Semakin hari di daerah saya sendiri kegiatan ngabuburit mengalami transformasi yaitu jalan-jalan. Sehingga bagi sebagian orang khususnya kawula muda ngabuburit itu harus berarti jalan-jalan. Entah dalam bentuk jalan dengan pasangan, melihat pemandangan atau berburu takjil untuk berbuka, pokok semua identik dengan hal itu. Saya sendiri tidak paham mengapa ngabuburit kini menjadi kehilangan makna tidak seperti dulu. Sejak dulu menunggu puasa yang ramai itu pasti masjid, tajug, kobong (asrama pondok) atau sekolah, kini yang ramai malah tempat hiburan, lapangan, perempatan dan aloon-aloon. Entah apa yang dilakukan saya tidak tahu, yang jelas bagi saya secara ontologis hal itu telah kehilangan makna.
Harus diakui memang, cara ngabuburit antar individu pasti berbeda demikian juga saya. Saat saya menyukai membaca buku saat itulah saya gunakan membaca sebagai sarana mengisi waktu menunggu magrib tiba. Bagi saya membaca bisa juga dengan tadarus al Qur'an, membaca kitab kuning, kitab putih atau menghafal nadhoman bisa juga menyimak siraman qolbu di media yang telah tersedia. Menurut saya membaca adalah sarana yang efektif, apalagi ramadhan merupakan bulan penempaan diri. Di sinilah kita siasati agar ramadhan terasa bermakna. Jadikan bulan puasa menjadi nampak berbeda dari hari-hari sebelumnya. Salah satu hal agar perbedaan itu tampak yaitu dengan banyak membaca.
Bagi saya waktu dan membaca ibarat dua mata uang yang tak boleh dipisahkan. Kita mungkin bisa membeli sebanyak-banyaknya buku tapi kita belum tentu bisa membeli waktu luang untuk membacanya. Nah, ramadhan ini adalah salah satu waktu yang cocok untuk memperkaya diri dengan pengetahuan. Waktu yang penting buat kita memperkaya wawasan. Tujuanya sederhana yaitu agar hidup dipenuhi rutinitas yang berfaedah, tidak monoton dan hanya itu-itu saja.

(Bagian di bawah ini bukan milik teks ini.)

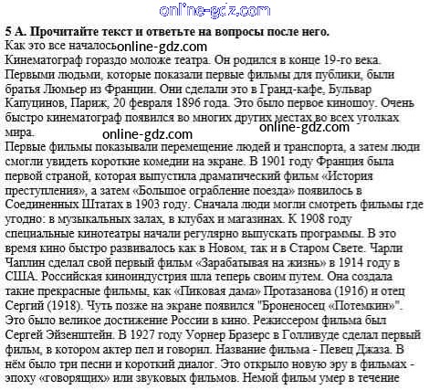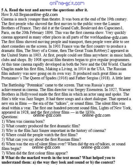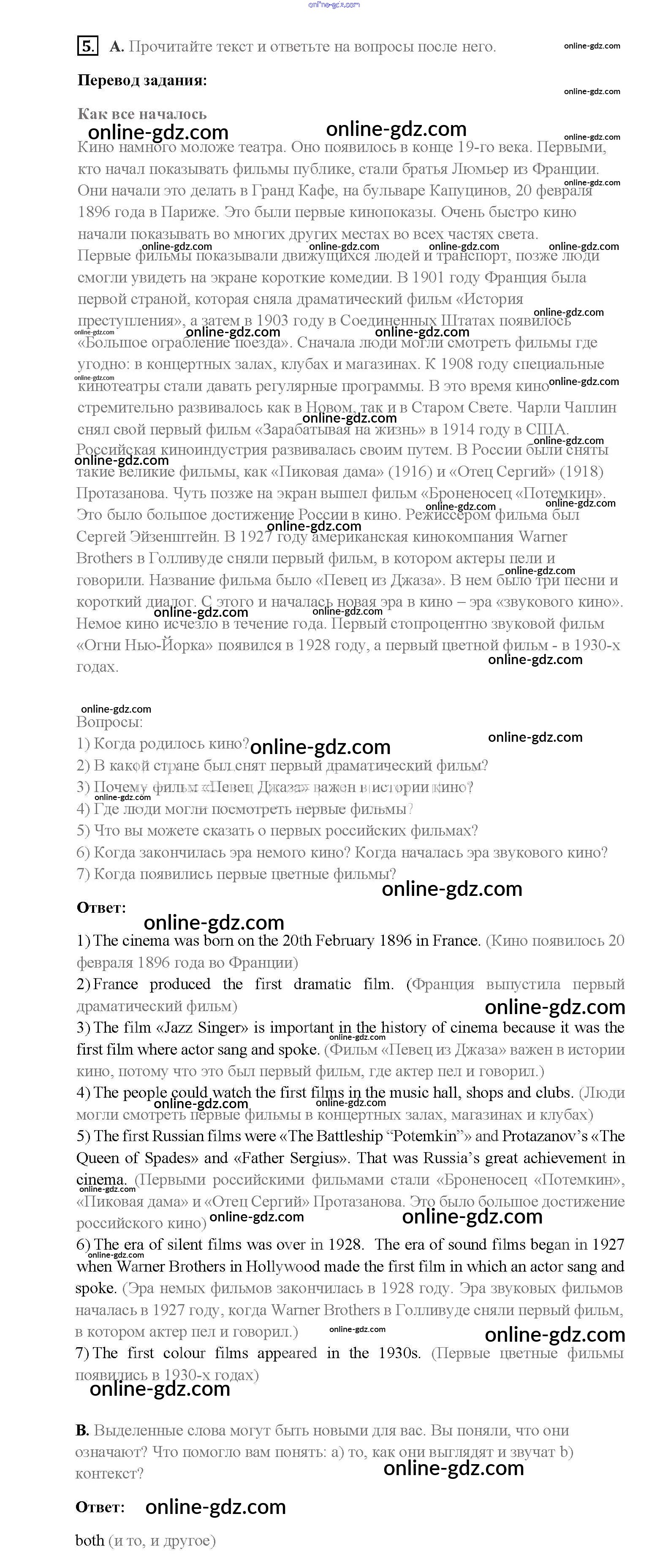 Готовые домашние задания по Английскому языку за 8 класс Учебник Афанасьева, Михеева Rainbow 2016 - Step 1 Unit 3. Performing arts: cinema 5

Coba kita bayangkan tiap tahun, setiap puasa kita selalu dirisaukan dengan problematika, perbedaan, hukum, dan lainya soal puasa. Sehingga tiap tahun tersebut seolah-olah tak ada bedanya. Perubahan dalam tataran pikiran tak kunjung usai. Perdebatan perkara ikhtilaf jumlah rakaat, batal puasa, sampai penentuan lebaran masih terjadi di kalangan akar rumput. Mungkin salah satunya karena kekurangan bacaan. Padahal bahan bacaan tidak kurang jumlahnya, ditambah saat ini dengan kecanggihan teknologi bahan bacaan sangat mudah diakses. Bukan karena masifnya ceramah agama via audiovisual kita malah meniadakan aktivitas membaca, justru semakin banyak membaca malah semakin kita tahu dan paham di mana letak kekuranganya. Sehingga dalil normatif tidak mudah diamini secara total. Jika kita tahu saja tidak cukup, perlu namanya perbandingan untuk melihat sisi objektifnya. Andai saja masyarakat kita mengerti secara maknawi bahwa membaca itu penting niscaya kegiatan ini akan digandrungi layaknya di Jepang atau Islandia.
Semoga saja terutama generasi milenial bisa menaruh hati bahwa kegiatan membaca tidak hanya sebagai alternatif tapi menjadi sebuah kebutuhan. Saat ramadhan inilah kesempatan kita untuk terus membaca, terutama karangan ulama kita (Nusantara) yang begitu banyak. Mari saatnya berfikir waras di zaman edan ini. Dunia semakin tua dan arus airnya semakin deras mau kepada siapa lagi kita akan berpegangan erat selain kepada petunjuk jalanNya yang lurus dan penuh keridhoan. Budayakan membaca.